Originally there were six candidates running for the open positions but three dropped out. Heather Taylor withdrew on June 21; Adam Alba withdrew on Aug. 21 and Bill Ince withdrew on Sept. 5.

Incumbent Robyn Mecham is running for her own seat while Brian Plummer and Cheylynn Hayman are running for the seats which will be vacated by Ince and George McEwan who have chosen not to run for reelection. 

Mecham is a fifth-generation Centerville resident and is currently completing her second term on the city council. A former post office worker, she is a crossing guard for Centerville Junior High. 

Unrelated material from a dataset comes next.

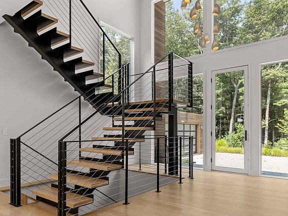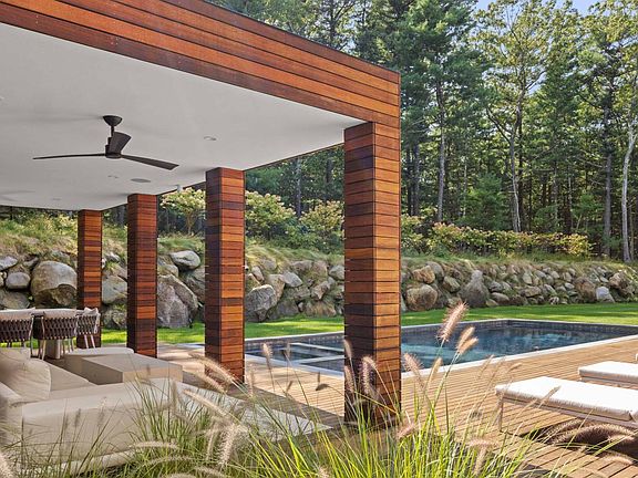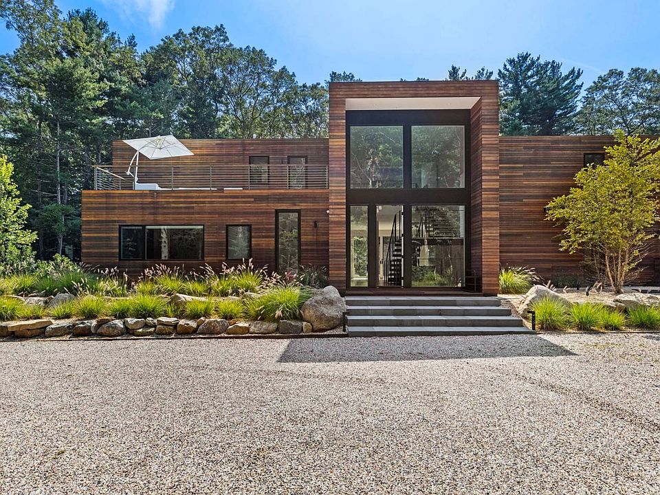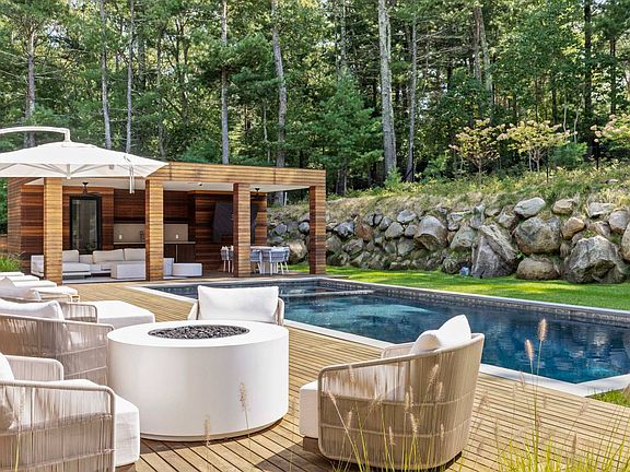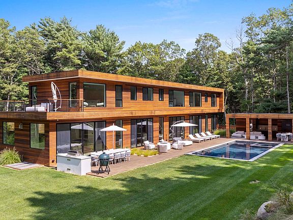 sq ft modern residence is privately situated on nearly 3 acres of quiet and seclusion. The entry is highlighted by a custom steel staircase. The immediate connection between the living space and the ourdoors, welcomes you into the home and is highlighted by the southern orientation. The living room connects to the generous kitchen continuing to a sun room with gas fireplace. The minl level is completed with a junior primary suite and a second en suite bedrrom. Outdoors there is lounging spaces, outdoor kitchen & dining overlooking the saltwater pool and spa. The pool house has an outdoor shower, half bathroom and shaded spaces for lounging. The second floor showcases the primary suite - with a large private terrace and a spa-like bathroom. In addition there are three large en-suite bedrooms. The lower level has three additional bedroom suites as well as a large media room and full gym. A short jaunt to both villages of East Hampton or Sag Harbor, allowing access to the world-class beaches and amenities.

Mecham has mixed feelings about running unopposed and not having to campaign, she said. “I think it's good for the candidates to have to get out and meet with the people to learn what’s important to them, and for the people to get to know the candidates and choose the people that are representing them. I think running for office is the hardest part of the job and sometimes brings negativity. So for that reason, I'm happy I don’t have to.”

She is excited to have the opportunity to serve the residents of Centerville for a third term, Mecham said. “I think that I’ve only learned in the last eight years. So I think I’m actually way better qualified now than I was eight years ago, to make changes and do the things that are best for the people. I also love it when people call me, and I can help them so I love that I can still do that – that’s probably my favorite part of the job.”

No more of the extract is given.